Question

A total of \(3.05 \cdot 10^{6}\) electrons are placed on an initially uncharged wire of length \(1.33 \mathrm{~m}\) a) What is the magnitude of the electric field a perpendicular distance of \(0.401 \mathrm{~m}\) away from the midpoint of the wire? b) What is the magnitude of the acceleration of a proton placed at that point in space? c) In which direction does the electric field force point in this case?

Short answer

Also, determine the direction of the electric field. Answer: The acceleration of the proton at a distance of 0.401 m from the midpoint of the charged wire is approximately \(7.97 \times 10^{11} \mathrm{m/s^2}\). The direction of the electric field is attractive and points toward the midpoint of the charged wire.

Step-by-step solution

Find the charge on the wire

To find the total charge on the wire, multiply the charge of a single electron by the total number of electrons: \(q_{total} = n \cdot e\), where \(n = 3.05 \cdot 10^6\) is the number of electrons and \(e = 1.60 \cdot 10^{-19} \mathrm{C}\) is the charge of a single electron.

Calculate the linear charge density

Divide the total charge by the length of the wire to find the linear charge density \(\lambda\): \(\lambda = \frac{q_{total}}{L}\), where \(L = 1.33 \mathrm{m}\) is the length of the wire.

Calculate the electric field at the given point

To find the magnitude of the electric field, use the formula \(E = \frac{1}{4\pi\epsilon_0} \frac{\lambda}{R}\), where \(R = 0.401 \mathrm{m}\) is the distance from the midpoint of the wire, and \(ε_0 = 8.85 \cdot 10^{-12} \mathrm{C^2/N \cdot m^2}\) is the permittivity of free space.

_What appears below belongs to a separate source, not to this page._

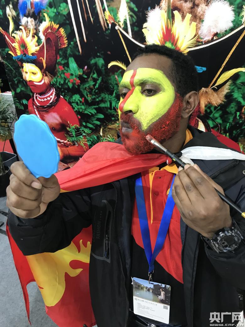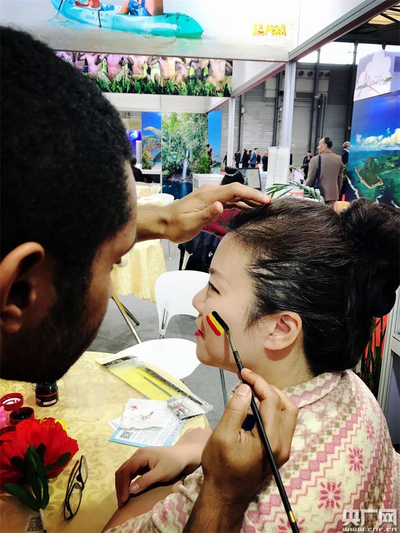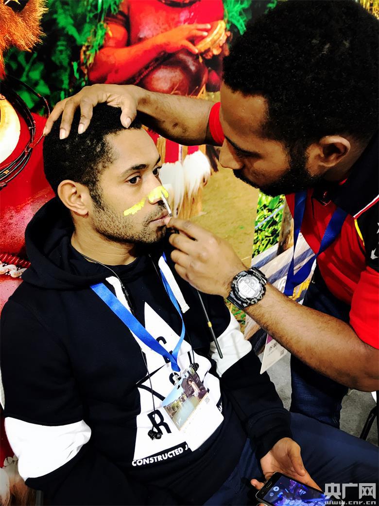 巴布亞新幾內(nèi)亞土著民族向游客展示面部彩繪(央廣網(wǎng)發(fā) 巴布亞新幾內(nèi)亞駐上海名譽(yù)領(lǐng)事館 供圖)

Calculate the force experienced by the proton

To find the electric force experienced by the proton at the given point, use the formula \(F = qE\), where \(q\) is the charge of the proton, which is equal to \(1.60 \cdot 10^{-19} \mathrm{C}\) (the same as an electron, but positive).

Calculate the acceleration of the proton

To find the acceleration of the proton at the given point, use Newton's second law: \(a = \frac{F}{m}\), where \(m = 1.67 \cdot 10^{-27} \mathrm{kg}\) is the mass of the proton.

Determine the direction of the electric field force

Since the wire is negatively charged and a proton is positively charged, the electric field force will be attractive and point toward the midpoint of the charged wire.